__What is needed__.
The lines in the listing below are to be given again exactly, starting at the line holding "Rádio Retro Madeira" and ending at the line holding "Бельгия. Про-Лига 08.04.2023". Do not include pictures.

Records for the exercise below:

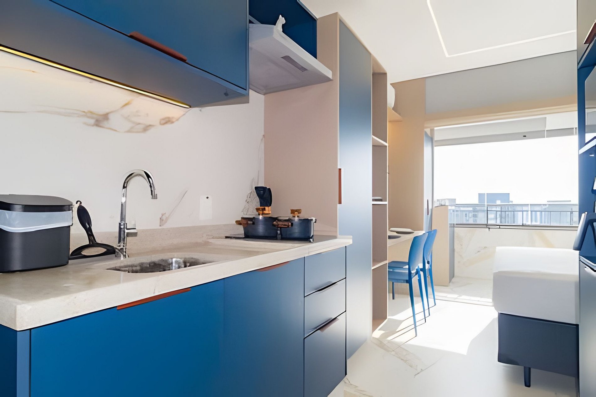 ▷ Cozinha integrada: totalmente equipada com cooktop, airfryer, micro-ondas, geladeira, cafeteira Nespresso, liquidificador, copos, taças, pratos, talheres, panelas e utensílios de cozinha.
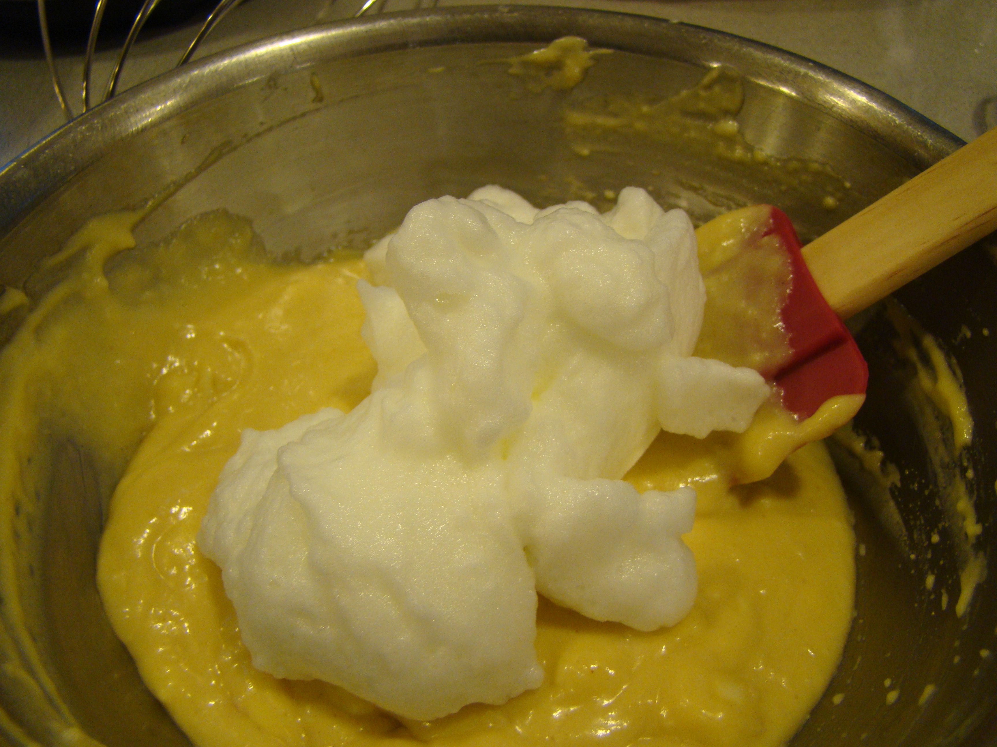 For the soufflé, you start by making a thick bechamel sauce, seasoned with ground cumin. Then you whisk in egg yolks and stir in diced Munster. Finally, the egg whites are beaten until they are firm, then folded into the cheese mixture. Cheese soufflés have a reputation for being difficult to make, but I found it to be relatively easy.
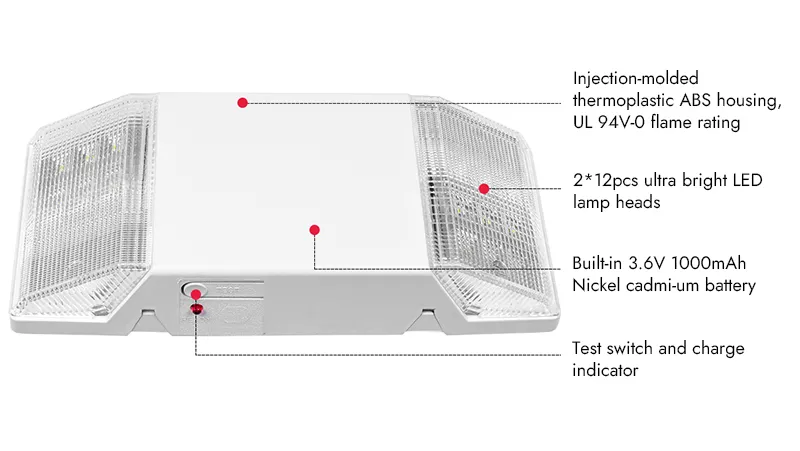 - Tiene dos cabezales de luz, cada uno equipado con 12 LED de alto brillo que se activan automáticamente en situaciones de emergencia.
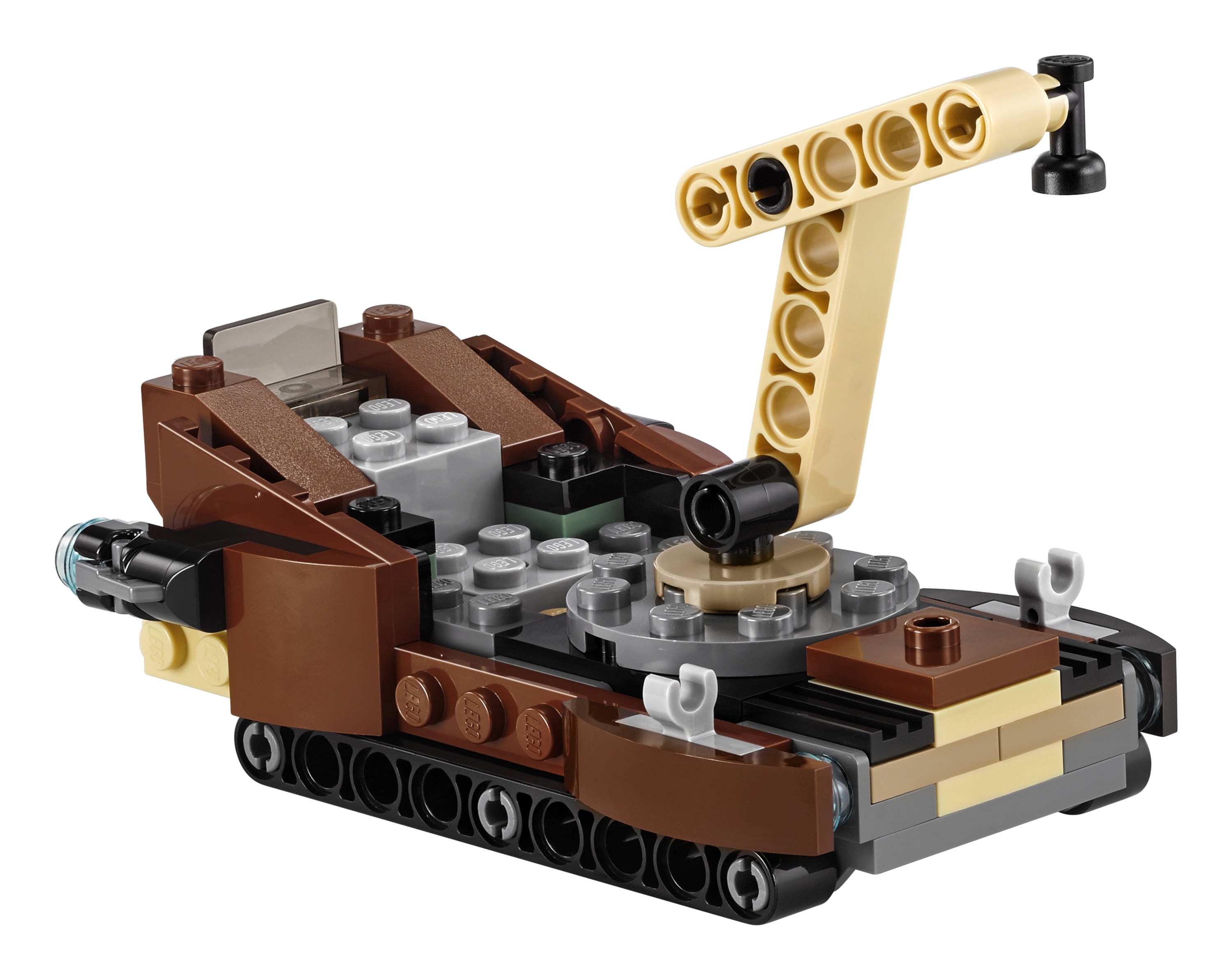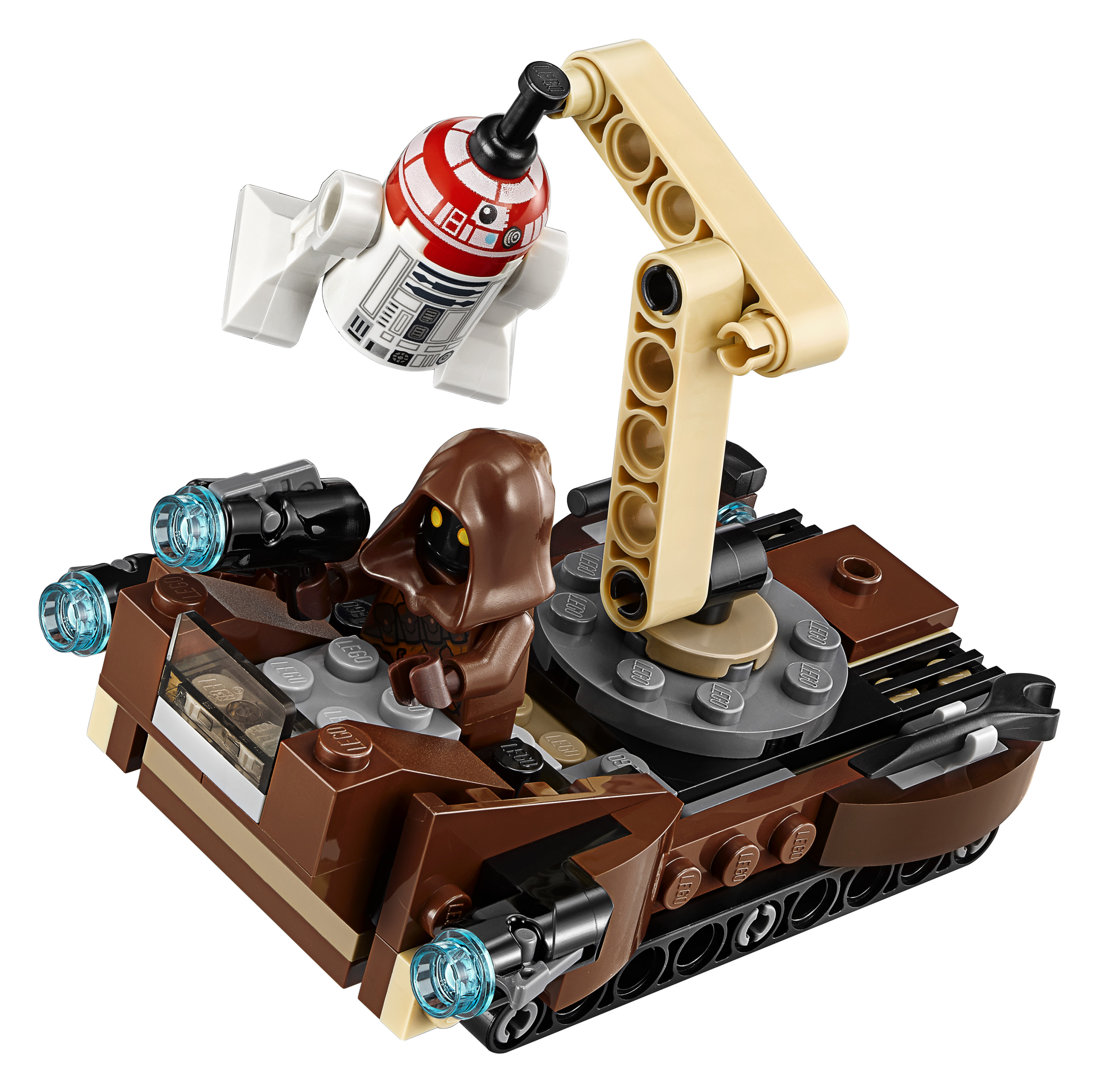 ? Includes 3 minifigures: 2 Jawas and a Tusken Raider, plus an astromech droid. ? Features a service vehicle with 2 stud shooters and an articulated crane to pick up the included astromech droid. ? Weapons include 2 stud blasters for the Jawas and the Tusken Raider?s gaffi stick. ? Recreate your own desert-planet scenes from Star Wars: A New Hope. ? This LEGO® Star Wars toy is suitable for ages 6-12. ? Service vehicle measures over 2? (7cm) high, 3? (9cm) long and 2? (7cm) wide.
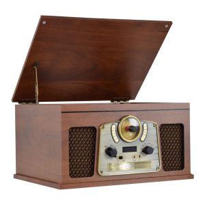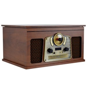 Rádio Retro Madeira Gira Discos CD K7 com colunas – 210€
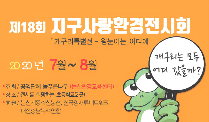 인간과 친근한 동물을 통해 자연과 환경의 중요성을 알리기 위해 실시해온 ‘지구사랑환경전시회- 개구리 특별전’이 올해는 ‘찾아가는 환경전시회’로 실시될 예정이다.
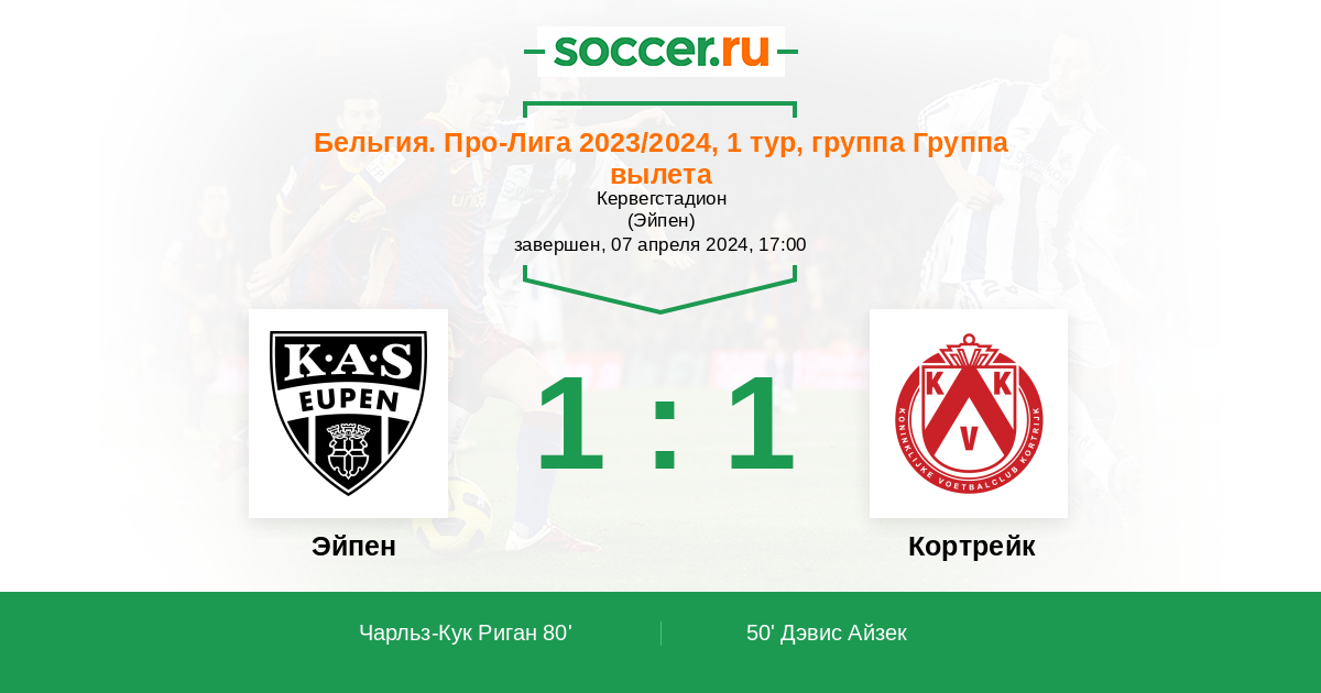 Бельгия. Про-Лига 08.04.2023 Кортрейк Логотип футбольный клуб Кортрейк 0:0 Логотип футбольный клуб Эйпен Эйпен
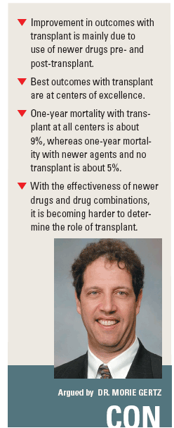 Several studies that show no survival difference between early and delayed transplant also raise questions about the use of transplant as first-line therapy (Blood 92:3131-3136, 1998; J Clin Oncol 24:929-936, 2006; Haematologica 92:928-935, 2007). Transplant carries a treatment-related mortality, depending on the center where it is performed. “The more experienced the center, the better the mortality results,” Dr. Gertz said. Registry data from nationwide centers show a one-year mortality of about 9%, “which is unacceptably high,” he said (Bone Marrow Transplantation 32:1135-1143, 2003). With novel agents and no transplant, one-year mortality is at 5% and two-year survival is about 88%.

End of Records for the exercise.

__Solution for this task__.
 Rádio Retro Madeira Gira Discos CD K7 com colunas – 210€
 인간과 친근한 동물을 통해 자연과 환경의 중요성을 알리기 위해 실시해온 ‘지구사랑환경전시회- 개구리 특별전’이 올해는 ‘찾아가는 환경전시회’로 실시될 예정이다.
 Бельгия. Про-Лига 08.04.2023 Кортрейк Логотип футбольный клуб Кортрейк 0:0 Логотип футбольный клуб Эйпен Эйпен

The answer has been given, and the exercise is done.